Your earnest money represents your financial commitment to closing on the property that you intend to buy in Raleigh. Like most, you likely assume that if the sale falls through, you are entitled to have that money returned to you. Yet what if the seller attempts to keep it? Are there situations where he or she is legally entitled to do so?
Putting a property under contract establishes actual contractual terms that must be followed. Thus, a failure on your part to fulfill any of those terms would constitute a breach of contract. Should that happen, then yes, the seller can keep your earnest money. It essentially serves to cover any financial loss he or she might have incurred while having the property off the market waiting for your deal to close. Knowing this, it is vital that you understand the areas in your real estate purchase agreement that open the potential for a breach of contract.

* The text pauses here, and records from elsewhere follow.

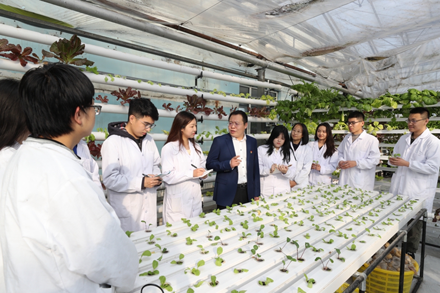 在学院鱼菜共生新农科基地,孙贺教授与在基地实习的师生一起交流学习党的二十大精神的体会,说感悟、谈收获,信心满怀、气氛热烈。孙贺教授就“怎样理解二十大报告将教育、科技、人才合并成为一章,放在第五部分‘实施科教兴国战略,强化现代化建设人才支撑’进行统筹部署,集中表达?”等问题进行逐一讲解回答。在场学生纷纷表示,党的二十大报告使他们振奋不已,作为实现中华民族伟大复兴的生力军,要牢记嘱托、砥砺奋进、努力学习,为祖国的建设添砖加瓦。
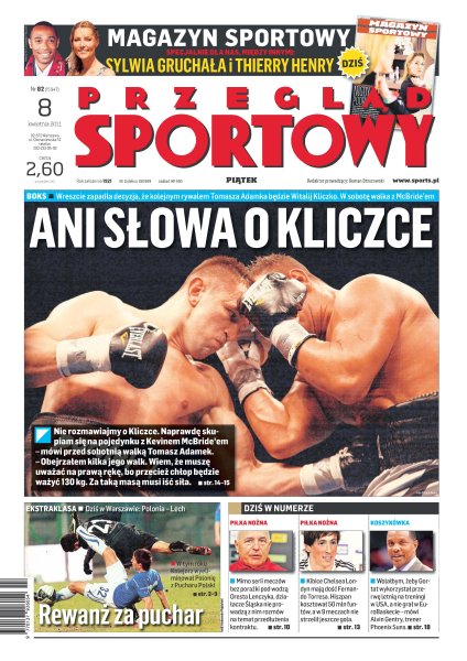 Wreszcie zapadła decyzja, że kolejnym rywalem Tomasza Adamka będzie Witalij Kliczko; jeśli Górnik wygra w Bełchatowie, włączy się do walki PGE GKS o miejsce gwarantujące udział w europejskich pucharach; Hiszpania, ojczyzna mistrzów świata, daje nam wszystko to, co ma najlepszego – 4 mecze Barcelony z Realem; jeśli ZAKSA Kędzierzyn-Koźle wykorzysta przewagę boiska, zagra w finale, natomiast jeśli choć raz zwycięży Asseco Resovia, czeka nas piąty mecz; Witalij Pietrow będzie chciał pokazać, że podium w Australii nie było przypadkiem.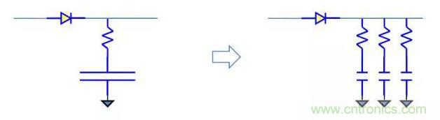 ?可以采用低ESR的電解電容替代普通電容,或者用多個電容并聯(lián)來替代單 個電容。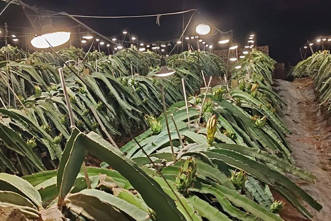 其次,目前的火龙果生产中更倾向使用间隔性补光的方式补光。其不仅省能耗、省钱,还有利于火龙果生长。至于具体是间隔几个小时补一次光,每个种植区都有自己的方案。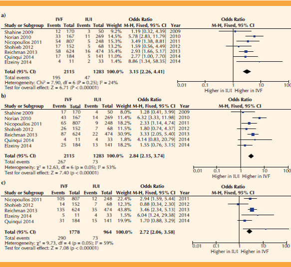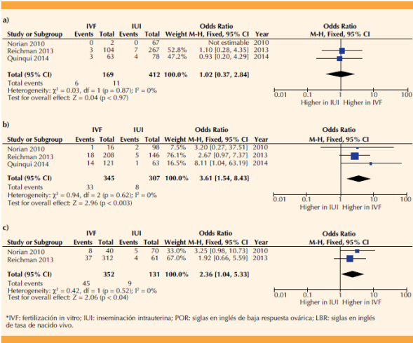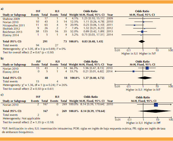 Figura 2 Gráfica tipo forest plot de la comparación de continuar con fertilización in vitro vs convertir a inseminación intrauterina en pacientes con baja respuesta ovárica. Análisis: a) Tasa de nacido vivo; b) Tasa de embarazo clínico; c) Tasa de embarazo bioquímico. Figura del autor.

The website Realtor.com lists the more common ones. A seller may try to expedite a sale by placing hard dates within the contract (he or she may even push to include a "time is of the essence" clause, which makes your proposed closing date legally binding). If you are unable to meet any of those date requirements, you are in breach.
The contingencies of sale worked into a contract also present a seller with a chance to keep your earnest money. He or she may ask you to waive certain contingencies (which is often common for properties sold "as is"). If you agree, it restricts your ability to back out of the deal for what many may deem to be valid reasons. Thus, you should carefully consider whether complying with such a request is truly in your best interest.